In honor of Mother’s Day we would like to share the story of one former active duty military mom. Motherhood is tough. Combining motherhood and active duty Service is even tougher. We honor and appreciate all military moms and military spouses. Thank you for serving our Nation and being steadfast role models for our military kids.
Being a mom in the Marine Corps is definitely a roller coaster. There are some marvelous highs and abysmal lows. There are commanders who understand the need to respond to your child’s needs, and others who make your life hellacious for it.
While I was pregnant, I was working 12-hour days and pursuing my Masters degree. Oh, and my husband was deployed. My senior leader constantly gave me “helpful” comments like, “You know you’re wasting the Marine Corps’ time by being pregnant, right?” or (when I couldn’t PT) “Go home and read the What to Expect books because you’re certainly having trouble doing what you need to do here.” The constant jabs were mortifying and annoying, especially coming from someone who’d just welcomed his third child into his family.
Once our eldest was born, I reveled in the time I had with her during maternity leave. Like all children, she changed my world. It broke my heart the first time I had to leave her at childcare to return to work. I sobbed the whole way to the front gate. It was even sadder than having bid my husband good-bye six months earlier for his second deployment to Iraq. All too quickly, though, we both settled into a routine (that’s the milspouse in me).
While getting back into shape after having our daughter, I discovered something horrible: my ACL was badly torn and needed surgery. An out of shape Marine is the brunt of a lot of ridicule. It’s even worse when you’re an out of shape female Marine.
“Didn’t you know you’d blow into a whale because of pregnancy?”
“Why don’t you just stop eating?”
I heard these comments regularly.
It was a ton of pressure and unnecessary negativity.
Thankfully, I was assigned to a new section. My new senior leader was amazingly supportive, even when my little one went through a series of ear infections that had us at our pediatrician’s office every two weeks. He even suggested keeping a few (foldable) baby items under my desk so I could just bring her to work when her childcare center’s illness rules prevented her from attending class.
His positive influence and can-do attitude helped me overcome my struggle with getting back into shape after my knee surgery. I noticed once the negative emotional input from work was deleted, being a mom got a whole lot easier! I could enjoy getting to know my baby so much more.
I am thankful for both the positive and negative (yes, really!) influences from my Marine leaders during that time. Both shaped me into a better Marine, and parent, by providing me with an excellent example of what leadership should and shouldn’t look like.
I do my best to give my kids constructive input, even when what they’ve done is making me rage with anger or despair. We walk “through the valley” of their decision making together, pinpointing where they went wrong and how they need to fix it. They get disciplined accordingly, and I always make sure to follow it up with words of affirmation (and usually lots of snuggle time).

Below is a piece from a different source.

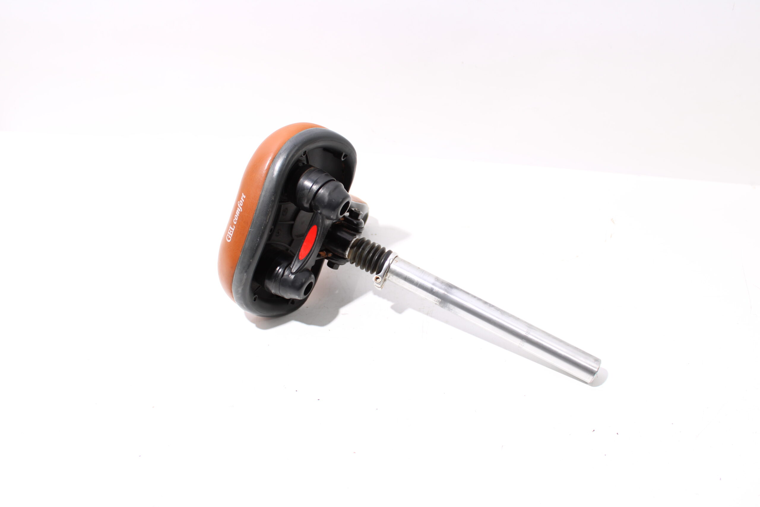 Artikel: zadel met verende zadelpen. Dit onderdeel is afkomstig van een Trek LM2+ elektrische fiets.

When I fail, as I assuredly do on a regular basis, I own up to it. I know I would like many people much better if they could just say, “I messed up, and I am really sorry about it.” I get down to my kids’ eye level, look at them in the eye, and tell them how I messed up and then apologize for it. They readily forgive me, tackle me with hugs and kisses, and I feel so much better having the ugliness off my chest and gone.
And that’s how my kids are being shaped by those two Marines.
Even though I loved being a Marine, I really had to give it up. Both my husband and I were working long hours (11+), and it was very difficult having to decide which one of us had “sick baby duty” so we wouldn’t get into too much trouble with our commands. When the doctor was doing my ACL repair and found many more problems with my knee, that made the decision easy. I would finish my contract and bid the Marine Corps adieu.
Several years later, it’s still one of the hardest decisions we’ve made, but it’s definitely one of the best ones. Now, I’m a stay-at-home mom and homeschooler. It’s still tough work, just a different kind of tough. But our kids are wonderful and bless me every day. Our marriage is great. I am definitely thankful for the leaders I had, both good and bad, because they taught me so much and are still helping me be better every day.
And you know what they say, “Once a Marine (and mom), always a Marine (and mom)!”